#### Stored data
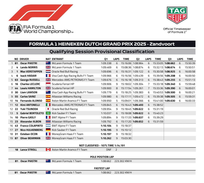 Oscar Piastri (McLaren) se quedó con la pole con uno de los McLaren que siguen dominando claramente la categoría en esta temporada.
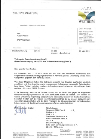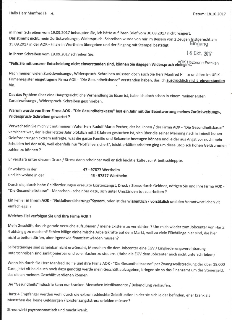 Waren diese Schreiben das Todesurteil für die Existenz des scheinbar ca. 29 Jahre lang zuverlässigen, selbstständigen Dachdeckermeister Rudolf Pecher - "Rudi" ?
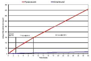 圖6所示為32小時內(nèi),一個10Ah電池的放電周期,分別是3h/1.5A,7h/0.6A,以及22h/60mA。溫度變化為±10℃,使用的是5mΩ的感測電阻。采用帶普通校準(zhǔn)方法的標(biāo)準(zhǔn)BMU,電荷積聚中的誤差大于400mAh,在這個例子中相當(dāng)于10Ah電池的4%以上。愛特梅爾的解決方案由于采用了整合有專有校準(zhǔn)方法的靈活模擬設(shè)計,能夠大大提高精度?;谶@些改進(jìn),誤差可被降至20mAh以下,相當(dāng)于0.2%。
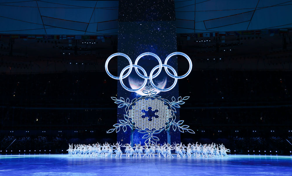 這是2022年2月4日晚在北京國(guó)家體育場(chǎng)舉行的第二十四屆冬季奧林匹克運(yùn)動(dòng)會(huì)開幕式上的“構(gòu)建一朵雪花”環(huán)節(jié)。新華社記者 曹燦 攝
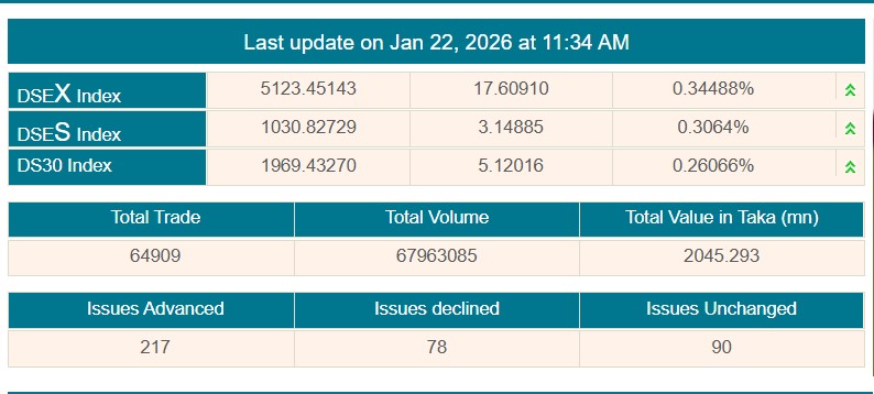 সূত্র মতে, আজ লেনদেন শুরুর প্রথম দেড় ঘণ্টায় অর্থাৎ বেলা ১১ টা ৩০ পর্যন্ত ডিএসইর প্রধান সূচক বা ‘ডিএসইএক্স’ ১৭ দশমিক ৬০ পয়েন্ট বেড়ে অবস্থান করছে ৫ হাজার ১২৩ পয়েন্টে।
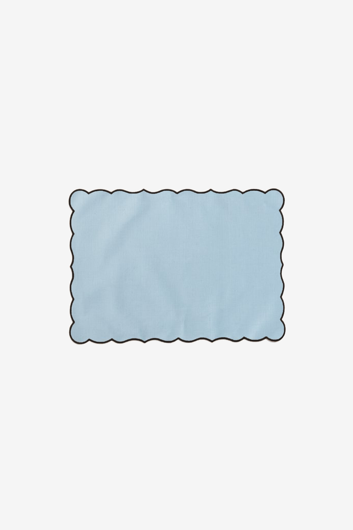 The Lido Placemat by Chiarastella Cattana is a coated linen placemat with beautiful scalloped edge. The scalloped shape is a homage to the Lido – a tiny stretch of land between the venetian lagoon and the Adriatic sea. The linen placemats perfectly embody the Lido’s relaxed atmosphere during the 1960s and add a vintage touch at any mise en place. Generous proportions, with a light blue linen base and elegant black scalloped trim.Â
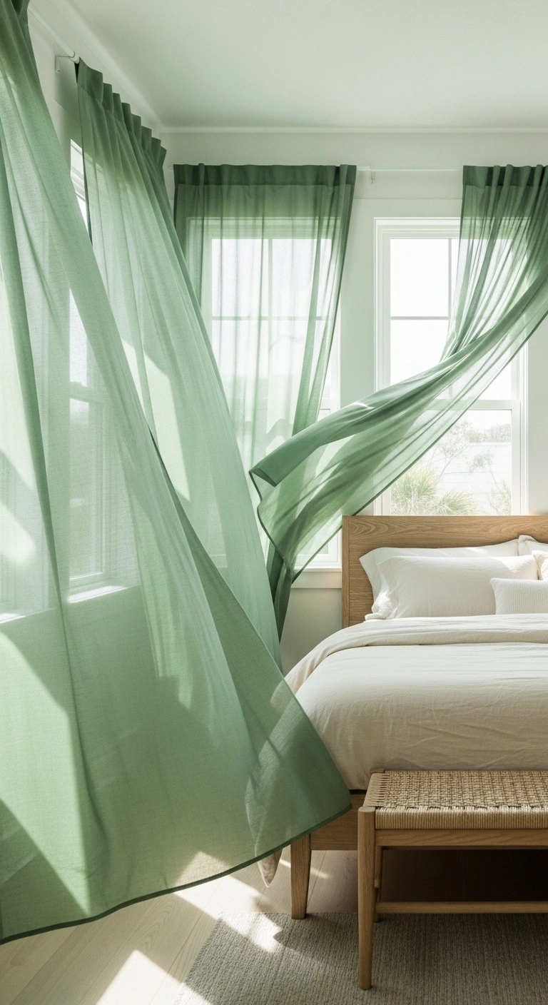 Green sheer curtains add gentle color without heavy commitment. Choose a soft sage or eucalyptus tone that filters sunlight beautifully. When daylight passes through, the room feels calm and glowing. Pair with neutral bedding and light wood flooring. The flowing fabric adds movement and softness instantly. The effect feels romantic yet minimal.
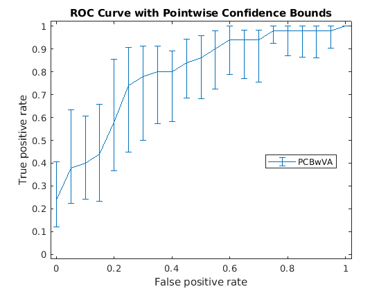 Вертикальное усреднение (VA) — perfcurve оценочные доверительные границы на Y и T в фиксированных значениях X. Таким образом, perfcurve берет выборки кривых ROC для фиксированного X значения, составляет в среднем соответствующий Y и T значения, и вычисляют стандартные погрешности. Можно использовать XVals аргумент пары "имя-значение", чтобы зафиксировать X значения для вычислительных доверительных границ. Если вы не задаете XValsто perfcurve вычисляет доверительные границы во всем X значения.
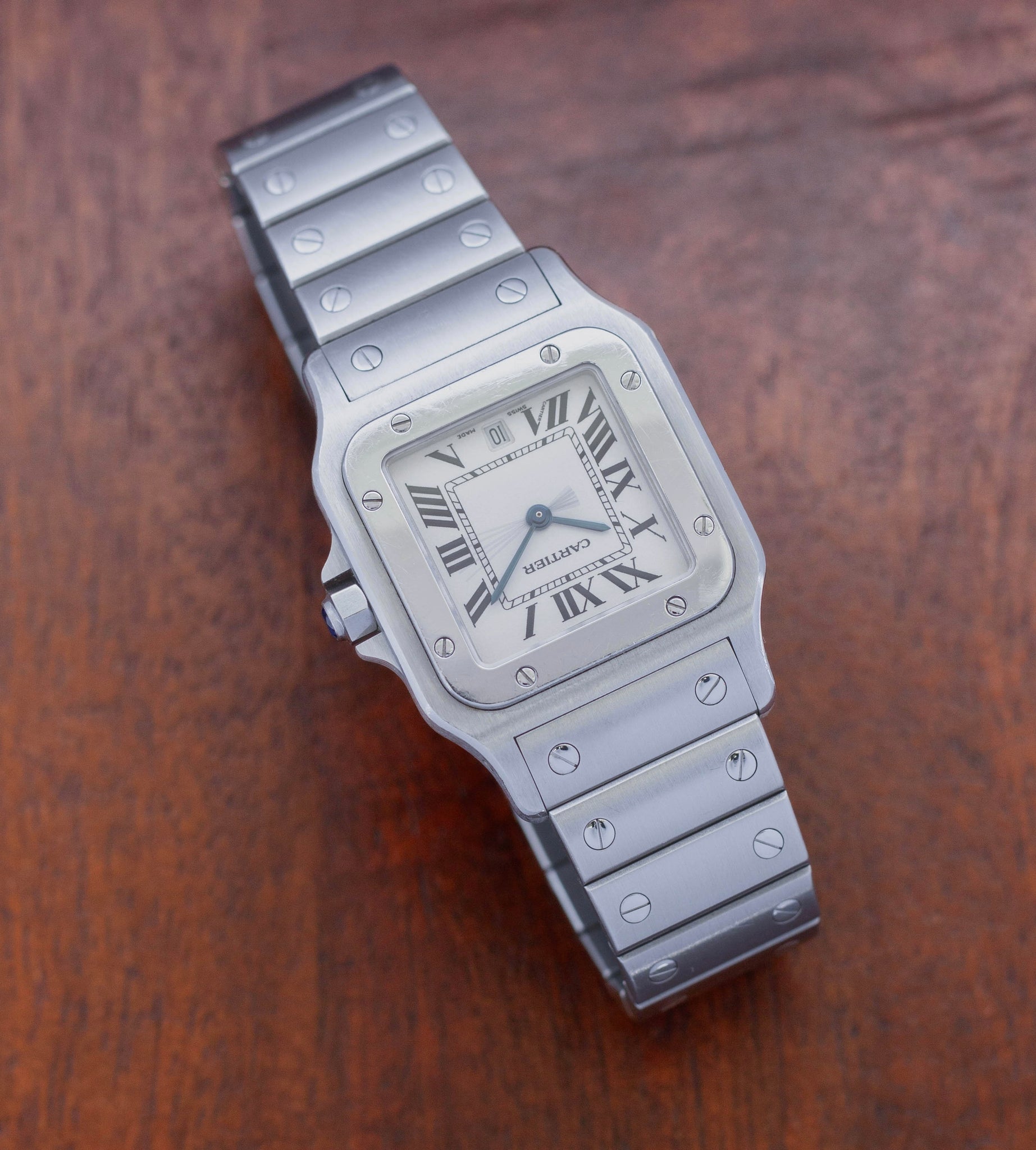 We kennen de Cartier Santos Galbée veelal in de goud-stalen variant, maar uiteraard is deze ook uitgevoerd in een volledig stalen versie, die zorgt voor een sportievere uitstraling. De vintage Cartier Santos Galbée 1564 die wij hier aanbieden verkeert in uitstekende staat. De 29 mm kast is vlijmscherp en lijkt ongepolijst, net als de stalen bezel, waardoor alle originele hoeken en lijnen nog goed zichtbaar zijn. Het horloge vertoont enkele gebruikerssporen, maar deze zijn in het echt zeker niet storend. Let wel: doordat de foto’s in hoge resolutie zijn gemaakt, kunnen bepaalde imperfecties op de foto’s zichtbaarder lijken dan in werkelijkheid.
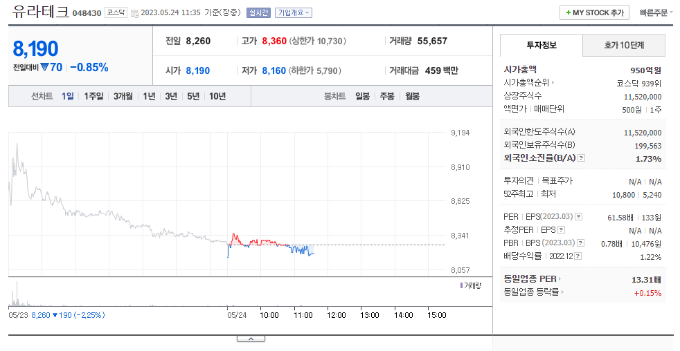 유라테크 주가 전망 분석표와 기업 정보 알아보기
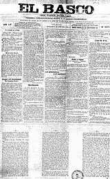 Apart from Chapel-Zuri, in the mid-1890s Echave-Sustaeta was related to some other periodicals, especially the Bilbao daily El Basco, owned by the Carlist politician Celestino Alcocer.[52] He kept sending correspondence to El Correo Español, first from Zaragoza[53] and then from Bilbao.[54] For some time he appeared briefly related to an ephemerical Carlist periodical from Vitoria, El Alavés,[55] and to a short-lived weekly from Logroño, La Lealtad Riojana.[56] His best-known articles of the time are these published in Chapel-Zuri and El Basco; they are related to increasingly bitter polemics with ideologue of the nascent Basque nationalism, Sabino Arana.[57] Technically the polemics was about traditional separate legislative regulations, named fueros, but in fact it was related to understanding of the Basque identity; Arana formulated it in racist and anti-Spanish terms, Echave-Sustaeta understood it as own separate self within the Spanish cultural and political framework.[58] Echave-Sustaeta's stand earned him personal congratulations on part of the claimant[59] and recognition far beyond Vascongadas, e.g. in Valencia.[60] However, it is rather the pamphlet written in response by Arana which made it to history books.[61]
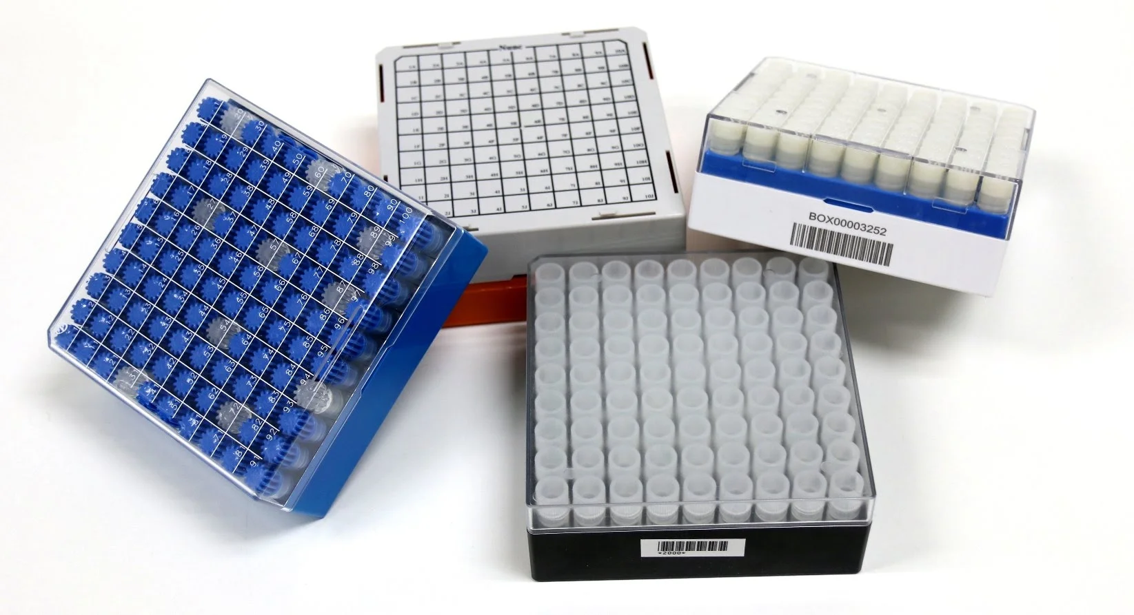 Sample Cryoboxes stored in the freezer racks | Image Credit
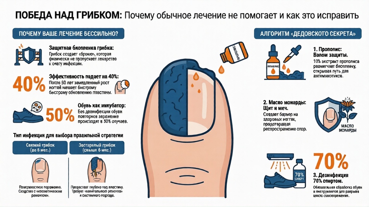 Многие годами ведут изматывающую войну с грибком ногтей. Аптечные полки пустеют, бюджет истощается, а результат — нулевой. Знакомо? Вы мажете, капаете, даже принимаете агрессивные препараты, но ноготь остается таким же тусклым, желтым и деформированным. Часто в этом возрасте (особенно после 50 лет) кажется, что это приговор, связанный со старением. Однако проблема не в вашей дисциплине и не всегда в качестве препарата. Как врач с 10-летним стажем, я скажу прямо: ваш враг научился строить «биологические бункеры», через которые не пробьется ни одно стандартное лекарство. Биопленки — невидимый щит паразита. Главный секрет живучести грибка заключается в том, что он не просто «сидит» в ногтевой пластине. Он создает биопленку — сложную колонию, окруженную защитной оболочкой, напоминающей биологическую броню. Эта «стена» блокирует доступ лекарственных молекул к самому очагу инфекции. Именно поэтому эффективность стандартных схем лечения у зрелых пациентов падает на 40%. Чтобы терапия наконец

#### EXERCISE AIM
Leave out the images and write out the lines above exactly, from the one with "Green sheer curtains" up to and including the one with "유라테크 주가 전망 분석표와 기업 정보 알아보기".

#### TASK ANSWER
 Green sheer curtains add gentle color without heavy commitment. Choose a soft sage or eucalyptus tone that filters sunlight beautifully. When daylight passes through, the room feels calm and glowing. Pair with neutral bedding and light wood flooring. The flowing fabric adds movement and softness instantly. The effect feels romantic yet minimal.
 Вертикальное усреднение (VA) — perfcurve оценочные доверительные границы на Y и T в фиксированных значениях X. Таким образом, perfcurve берет выборки кривых ROC для фиксированного X значения, составляет в среднем соответствующий Y и T значения, и вычисляют стандартные погрешности. Можно использовать XVals аргумент пары "имя-значение", чтобы зафиксировать X значения для вычислительных доверительных границ. Если вы не задаете XValsто perfcurve вычисляет доверительные границы во всем X значения.
 We kennen de Cartier Santos Galbée veelal in de goud-stalen variant, maar uiteraard is deze ook uitgevoerd in een volledig stalen versie, die zorgt voor een sportievere uitstraling. De vintage Cartier Santos Galbée 1564 die wij hier aanbieden verkeert in uitstekende staat. De 29 mm kast is vlijmscherp en lijkt ongepolijst, net als de stalen bezel, waardoor alle originele hoeken en lijnen nog goed zichtbaar zijn. Het horloge vertoont enkele gebruikerssporen, maar deze zijn in het echt zeker niet storend. Let wel: doordat de foto’s in hoge resolutie zijn gemaakt, kunnen bepaalde imperfecties op de foto’s zichtbaarder lijken dan in werkelijkheid.
 유라테크 주가 전망 분석표와 기업 정보 알아보기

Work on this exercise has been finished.